URLs du Jour

2022-07-26

[Opinions about Python] Eye Candy du Jour is one panel from a recent Saturday Morning Breakfast Cereal. Doesn't mean anything other than I love the concept of lemmings with opinions about Python.

  • In case you were thinking this was legislation to bring back that show with Jon and Ponch… nope, it's not that at all. The NR editorialists say it's even worse than that: CHIPS Legislation Leaves U.S. at Disadvantage vs. China.

    The CHIPS legislation advancing rapidly through the Senate is many things. It is an industrial-policy bill and a handout to the higher-education industry. It’s a bill intended to further entrench progressive pieties on diversity and equity within the federal bureaucracy. And it is expensive. What it is not, however, is a tool for improving Washington’s lot in the competition with the Chinese Communist Party.

    After over a year of back-and-forth, lawmakers seem poised to converge on a final version of the so-called U.S. Innovation and Competition Act this week. At first, it seemed that the final package would contain about $52 billion in subsidies for semiconductor manufacturing and some miscellaneous other provisions. But, as lawmakers realized that a larger version of the package remained politically feasible, the package ballooned. The most recent version, put forward by Chuck Schumer, strongly resembles the original, disappointing version that the Senate passed last year. That’s the main problem. Sixty-four senators, including 16 Republicans, voted to advance the bill last Tuesday.

    As I've asked before: why should semiconductor companies bother to convince private investors to fund their operations when they can convince politicians to force taxpayers into doing so?


  • An inspiring story, and I'm not being sarcastic for once. James Freeman recounts a tale from the Peoples' Republic of Rhode Island: A Teacher Triumphs Over the Woke Educational Establishment.

    At last some good news from U.S. public education, thanks to one tough teacher who refused to accept the poisonous ideology now enforced in so many classrooms. Regular readers of this column will be especially cheered to read the latest dispatch from Ramona Bessinger via the Legal Insurrection website:

    On July 13, 2021, I blew the whistle at Legal Insurrection on how a new Critical Race curriculum in the Providence, Rhode Island, middle school where I taught was creating racial hostility, turning students and staff against me because I was white, and turning students against their country.

    My students, almost all of whom were minority, started calling me “America” because I was white — You are America, they would say, we are not. How could I keep silent seeing what the Critical Race curriculum was doing to the students and our society?

    ... What followed was a year of retaliation, harassment, intimidation, and involuntary transfer to another school where there was no teaching position for me. I was forced to spend a year alone in a windowless empty school basement resource room, as students and staff passed by and gawked at me like I was some strange caged zoo animal, audibly mumbling how I was that ‘racist’ teacher they had been warned about.

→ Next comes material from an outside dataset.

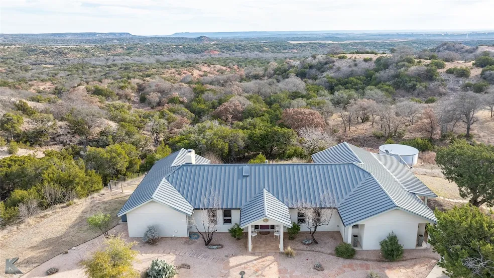 This one-of-a-kind property combines Southwest charm with modern amenities, set against a backdrop of breathtaking natural beauty. A half-mile drive from the county road leads to an elevated perch, revealing a Southwest-style stucco home surrounded by expansive vistas. A flagstone walkway welcomes you to the front door and into a light-filled gallery. Double doors open to a spacious living room with a native stone fireplace and a picture window framing stunning views of the local mesas, canyons, and Buffalo Gap in the distance. The heart of the home is undoubtedly the kitchen with ample space for hosting and everyday living. Additional space is the home library. The master suite features a tiled shower, walk-in closet, heated bathroom flooring and an adjoining sitting room with access to a covered porch. Located on the opposite side of the house is the second bedroom and full bath complete with its own breathtaking views. A short distance from the home is a charming one-room space with a fireplace equipped with a three quarter bathroom and small kitchenette, attached to a garage, perfect for visitors or extra privacy. The original house was remodeled, new construction during 2011. The flooring is tile, stained concrete and cork. Other features include heat pump, windows by Anderson and Marvin, skylights, covered porches, metal roof, underground power, fiber optic internet, custom sound system, landscaping by Masterscapes- maintained by the engineered 20,000 gallon underground water catch system. The terrain is unique. Native grass pastures quickly turn to cliffs and distinctive rock formations. Fall color is vibrant with various species of oaks. In Spring open field grass is green, dotted with wild flowers. A former cistern converted into a stone tower offers a birds eye view, perfect for stargazing or soaking in the landscape. Enjoy spectacular sunrises and moonrises over Buffalo Gap from the living room, den, sitting areas, and multiple porches.

    I fought the district legally with the help of James Peterson at Judicial Watch, and I am emerging from the basement victorious, with a full-time regular classroom assignment. I am unbowed, and more committed to fighting the CRT scourge than ever before.

    Not every teacher will have Ms Bessinger's guts, but hopefully her story will inspire a lot more pushback to woke religionists on the hunt for heresy.

    Ironically, Providence RI has its origins (as you may remember from school) as a refuge for those persecuted elsewhere for their faith. These days, not so much.


  • The folks behind Banned Book Week will pay no attention. John Sexton at Hot Air reads the New York Times so you don't have to: The far left bans books by not letting them get published in the first place.

    Yesterday Pamela Paul, the former editor of the NY Times Review of Books, wrote about a new trend in the publishing industry. Her piece is titled “There’s More Than One Way to Ban a Book” and it offers some strong criticism of the leftist takeover of the industry which she says has introduced a new strain of self-censorship.

    The American publishing industry has long prided itself on publishing ideas and narratives that are worthy of our engagement, even if some people might consider them unsavory or dangerous, and for standing its ground on freedom of expression.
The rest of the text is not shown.